Start of RECORDS TO PROCESS

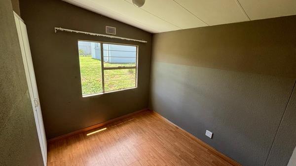 On entry into this cozy home you are greeted by an open plan kitchen and lounge area. The lounge is spacious with a tiled floor that leads to the kitchen. The kitchen has tiled floors with space for a fridge and appliances. The kitchen also has built is cupboards. The bedrooms have big windows that provides you with natural light, wooden floors and as well built wardrobes. The unit has a fully tiled sparkling bathroom.
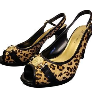 Very good, used condition, size 7.5. AK iFlex, cheetah print fur slingback peep toe heels. Please see pics for details and measurements. Normal wear. Smoke-free, ask any questions. Shop my closet for more great items: BUNDLE, BUNDLE, BUNDLE for discounts!!!
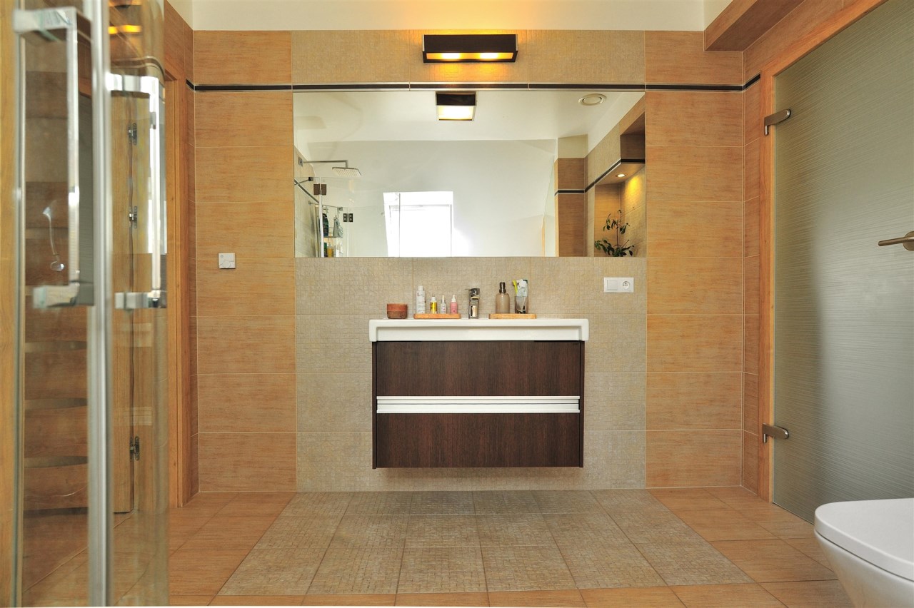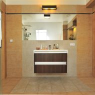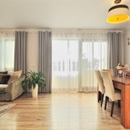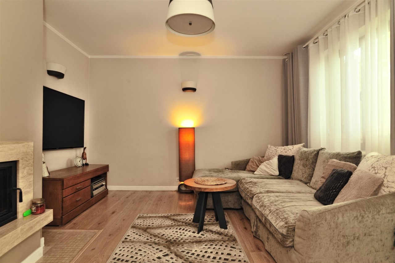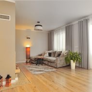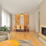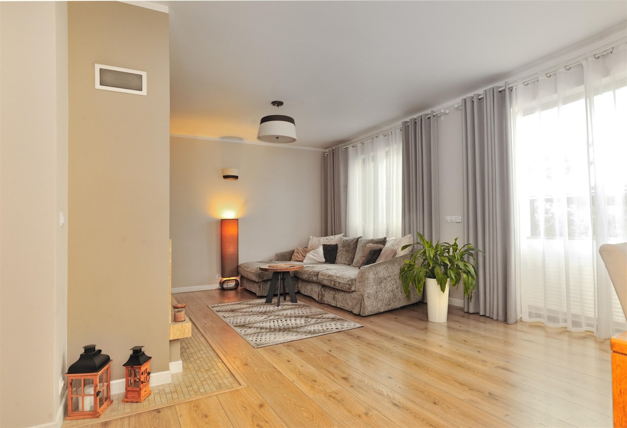 W salonie, łazienkach i na korytarzach ogrzewanie podłogowe, w sypianiach grzejniki.
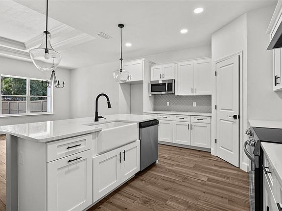 Slide-in electric rangeExtended extra-deep lotWell-designed one-story homeStainless steel appliance packageFully fenced backyard
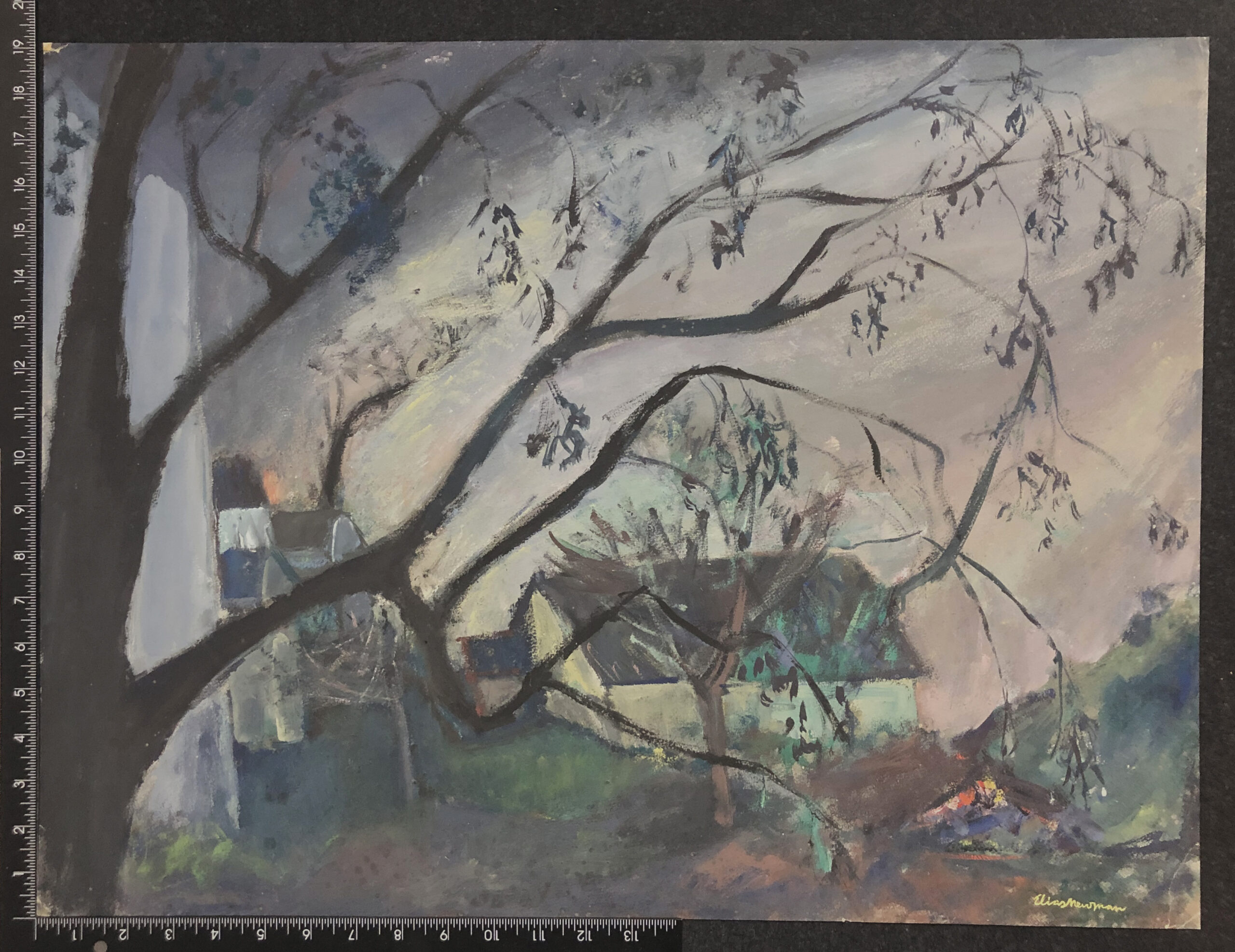 NotesElias Newman was a painter, writer, lecturer, and teacher in New York, N.Y. Born in Stashow, Poland in 1903, Newman arrived in the United States in 1913, and became a naturalized citizen in 1928. He studied at the National Academy of Design from 1919-1920, and at the Educational Alliance Art School from 1920-1925. He also studied at the Academie Chaumiere in Paris. After 1925, Newman participated in many exhibitions, acted as art director of the Palestine Pavilion at the New York World's Fair in 1939, organized the Palestine Artists and Sculptors Association, and was director of the National Society of Painters in Casein in 1963 and 1967-1971. From 1970-1975, Newman served as president of the Artists Equity Association, the organization which played the most significant role in his career.
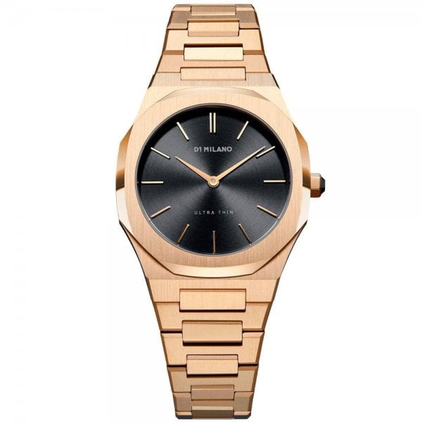 Smaller case, same attention to details. Designed with elegance in mind, our signature black dial in circular brushed finishing offers a classic gold stainless steel pairing.
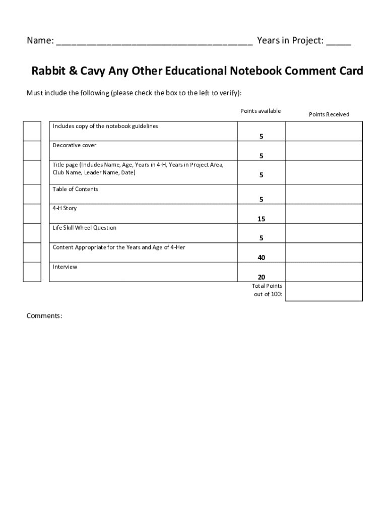 Name: ___ Years in Project: ___Rabbit & Navy Any Other Educational Notebook Comment Card Must include the following (please check the box to the left to verify): Points available Includes copy of

End of RECORDS TO PROCESS

▸ **EXERCISE REQUIREMENTS**: From the data above, return exactly the lines from the one with "W salonie, łazienkach" up to and including the one with "Slide-in electric rangeExtended". Pictures do not go in the copy.

▸ **ANSWER SPACE**:
 W salonie, łazienkach i na korytarzach ogrzewanie podłogowe, w sypianiach grzejniki.
 Slide-in electric rangeExtended extra-deep lotWell-designed one-story homeStainless steel appliance packageFully fenced backyard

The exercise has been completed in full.